# The Puffer Thread



## Daniel1 (Apr 13, 2009)

So who keeps, has kept or would like to keep Puffers ?
I have kept an Arrow-Head (Tetraodon Suvattii) and a Green spotted Puffer (Tetraodon Nigroviridis). I have a few pic's I will add later.


----------



## labmad (Sep 23, 2007)

I used to have a pair of red tail red eye puffers, lil crackers they were


----------



## Nismo75 (Mar 23, 2009)

I had some freshwater tropical dwarf puffers, fantastic wee guys. I also had a valentino puffer when i had my marine tank. Puffers are definitely my fav fish, bags full of character!!!!


----------



## Mujician (Mar 7, 2007)

Ive had a giant puffer, a congo box fish, and some of the small chaps like figure of 8s and pygmies - been ages since i did anything fish wise so i cant quite remember how to spell the scientific names so i wont embarass myself!


----------



## Daniel1 (Apr 13, 2009)

Here is my Green spotted Puffer Tank and a closer pic of the Puffer
















I will put up the Arrow-Head Puffer pic's soon.


----------



## RawrIsDinosaurForILoveYou (Apr 11, 2009)
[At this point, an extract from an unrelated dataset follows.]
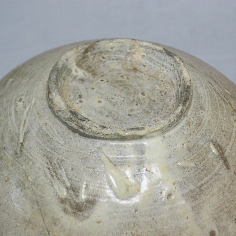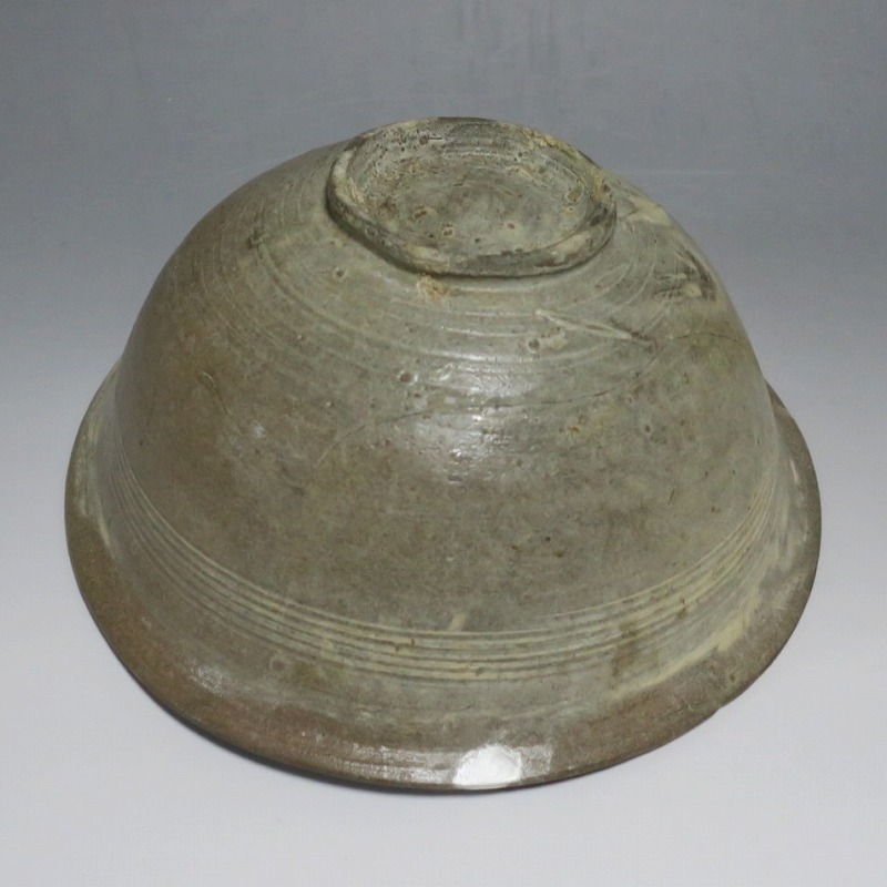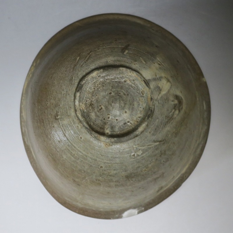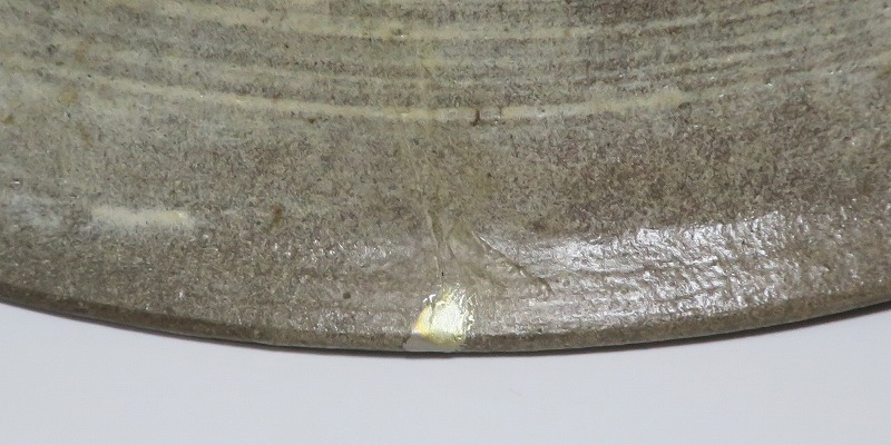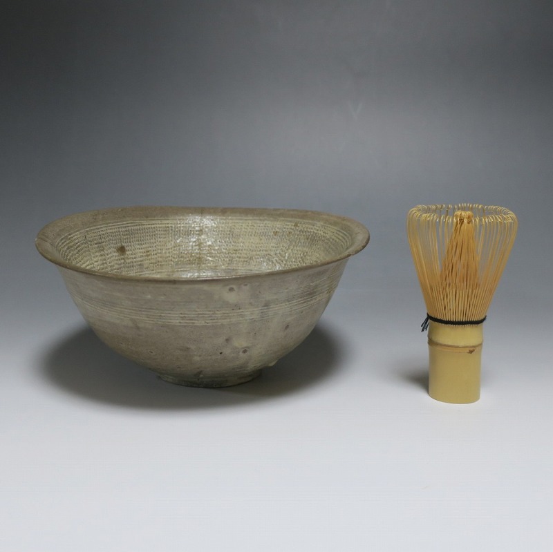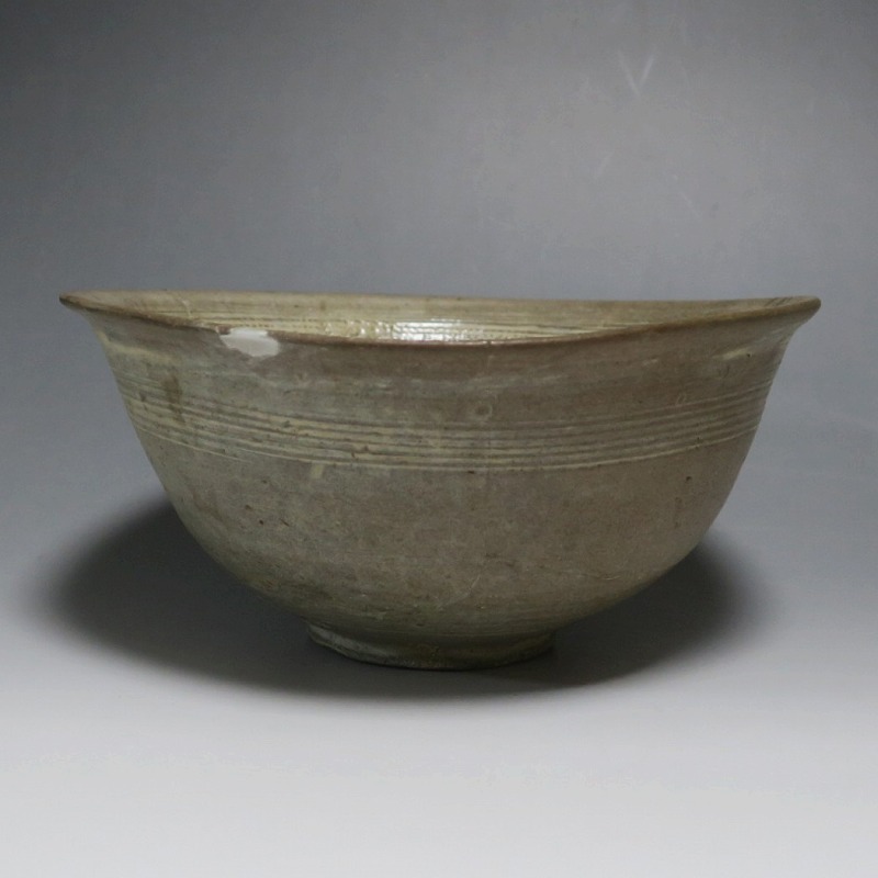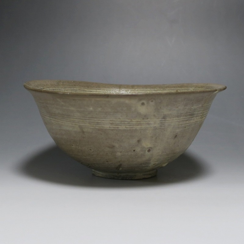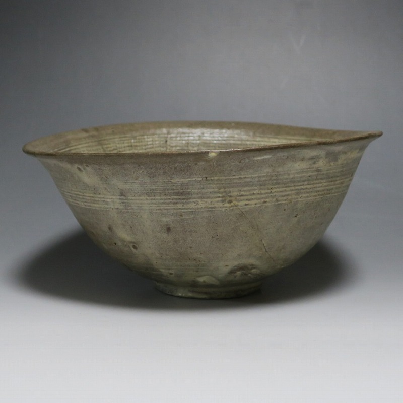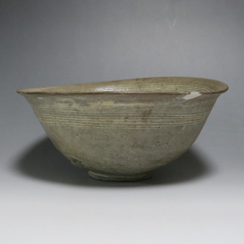 (李朝時代前期 15世紀) 商品番号 3780 口径 約21cm〜19.5cm/高さ 約9.5cm/高台径 約6.5cm 大きく3つに割れ、全体的に修理が施されています。状態は写真でご確認ください。 高麗から李朝に政権が交代した14世紀、粉青沙器と呼ばれる新しい様式の焼物が出現します。灰釉、刷毛目、井戸などの多様な粉青沙器は独特の味わいがあるので古美術品として人気があります。本品は白象嵌で輪線花文を施した鉢。ゆがんだ造形、直しが景色となっている迫力のある作品です。食器というよりもオブジェ、花器として使用すると面白いでしょう。 | ||

i want some figure of eight ones .....
i love puffers


----------



## BecciBoo (Aug 31, 2007)

This is my tank (that Jake bought me):

















It has 1 Puffer: (Was sold as a figure of eight but Jake thinks its a green spotted)








1 Mono:








1 Sole (Hiding):


----------



## Daniel1 (Apr 13, 2009)

Nice tank and fish Becci. Here is my Arrow-Head Puffer & Tank.


----------



## ern79 (Jul 26, 2007)

ive had mbu's, fahaka, figure 8's, green spotted, red eye red red tail.


----------



## x.froggy.x (Nov 24, 2008)

Hiya, I don't own any puffer fish, as I have a tropical fish tank and not a marine tank. Has anyone got any pictures of their puffer fish, whilest puffed up? (Sorry if i used the wrong term! Lol)


----------



## mask-of-sanity (Dec 27, 2006)

i used to have a mbu and a fahaka............the mbu was rehomed and the fahaka now lives with my eldest son , will get a picture next time i am over there


----------



## Daniel1 (Apr 13, 2009)

Anyone else keep Puffers Fresh, Brackish or Marine ?


----------



## matt748 (Aug 10, 2008)

I have had Palembangs and currently have a young 4inch MBU. He's quality.


----------



## Daniel1 (Apr 13, 2009)

Any pic's.


----------